Pulsed-field gel electrophoresis and in-gel detection of telomeric DNA
Analysis of 3′ single-stranded G-overhangs at mouse telomeres was performed as described5 by pulsed-field gel electrophoresis and in-gel hybridization of a 32P-labelled telomeric repeat (CCCTAA)4 oligonucleotide to native DNA. In brief, Trf2−/− p53−/− TRF2ts MEFs were collected at the permissive temperature as well as after growth at the non-permissive temperature. Agarose plugs were prepared containing 1 × 106 cells per plug and digested overnight with 1 mg ml−1 proteinase K at 50 °C. Before loading on a 1% agarose gel, plugs were digested overnight with 60 U of MboI enzyme per plug. After running the gel on a CHEF-DR III pulsed-field gel electrophoresis system (BioRad), the gel was dried, pre-hybridized in Church Mix containing 7% SDS and hybridized overnight with a 32P-labelled (CCCTAA)4 probe, all under non-denaturing conditions. Signal was captured on a phosphorimager and analysed with AIDA Image Analyzer software. To confirm that the G-overhang signal detected with this method was indeed derived from 3′ single-stranded telomeric TTAGGG repeats, digestion with 3′ exonuclease and hybridization with a 32P-labelled (TTAGGG)4 probe specific for the C-rich strand was performed on separate plugs. After capturing the hybridization signal from single-stranded telomeric DNA, the gel was denatured and re-hybridized with the same probes to obtain a total telomere signal for the purpose of quantification.

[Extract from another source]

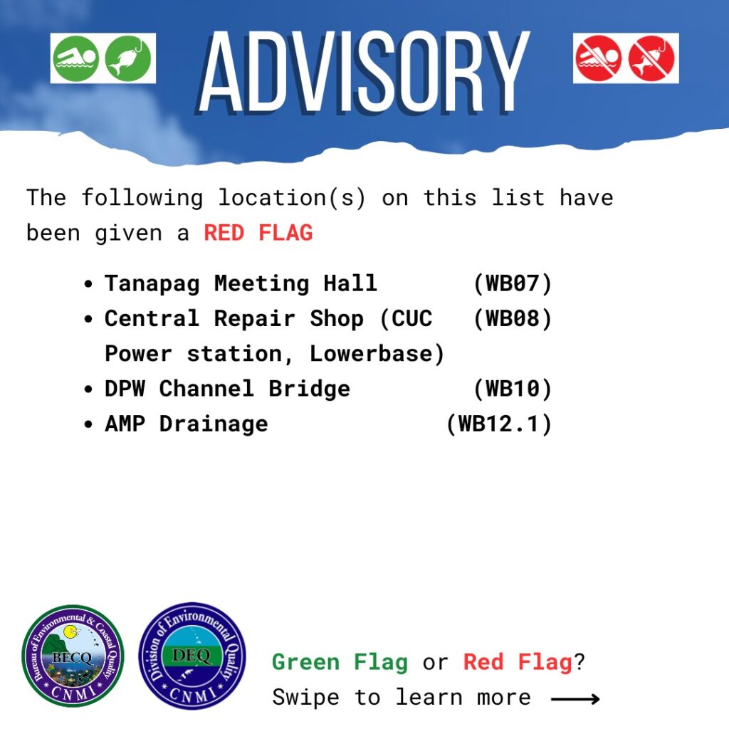 According to the advisory, samples collected from several sites showed excessive concentrations of fecal indicator bacteria (enterococci) that exceeded CNMI Marine Water Quality Standards. Red-flag status indicates the possible presence of human or animal waste in the water and means the locations are not safe for swimming or fishing.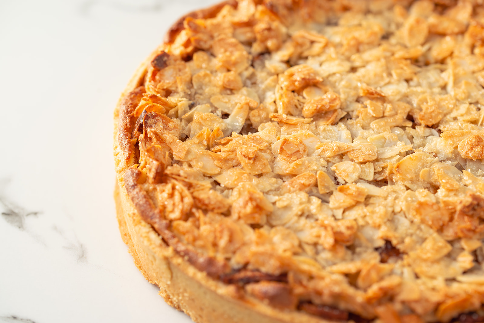 Bretonse Zandkoekkorst – hazelnotencrème – appels – geroosterde amandelen

Repair and clonogenic survival assays
To quantify the repair of DSBs by NHEJ, U2OS cells transduced with shRNAs were transfected with pEJ5-GFP (NHEJ), as well as an mCherry expression vector and pCAGGS-Isce-I-Trex2 (ref. 30). Transfections were done using Mirus TransIT LT-1 (Mirus Bio LLC). The fraction of mCherry-positive cells that was GFP-positive was determined 72 h after transfection by flow-cytometry on a BD LSRFortessa using FACSDiva software. Quantification was carried out with FlowJo software (TreeStar).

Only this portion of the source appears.